== WHAT YOU NEED TO DO ==
What is wanted is the full listing, word for word, without its pictures.
[[ GIVEN DATA open ]]
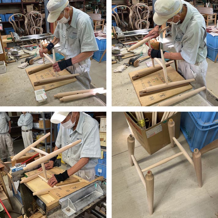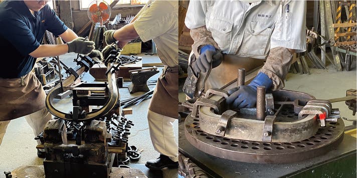 木材を高温で蒸し、柔らかくなったところを、木が冷めてしまわない限られた時間で曲げて治具(※曲げた木を固定するオリジナルの金具)を用いて成型する様子は本当に圧巻です。
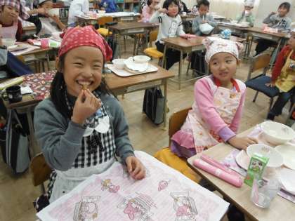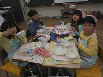 「お魚3匹目」「わたしのおでんにはちくわが3つも入っていたよ。」「前は残していたけれど、今は残さずみんな食べているよ。」1年生はたくさんお話ししてくれます。
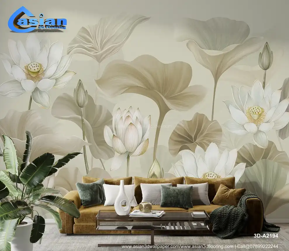 Serene Lotus Bloom: Elegant Wall Mural with Soft Floral Design||3D-A2194
[[ GIVEN DATA closed ]]
== RESPONSE TO THIS TASK ==
 木材を高温で蒸し、柔らかくなったところを、木が冷めてしまわない限られた時間で曲げて治具(※曲げた木を固定するオリジナルの金具)を用いて成型する様子は本当に圧巻です。
 「お魚3匹目」「わたしのおでんにはちくわが3つも入っていたよ。」「前は残していたけれど、今は残さずみんな食べているよ。」1年生はたくさんお話ししてくれます。
 Serene Lotus Bloom: Elegant Wall Mural with Soft Floral Design||3D-A2194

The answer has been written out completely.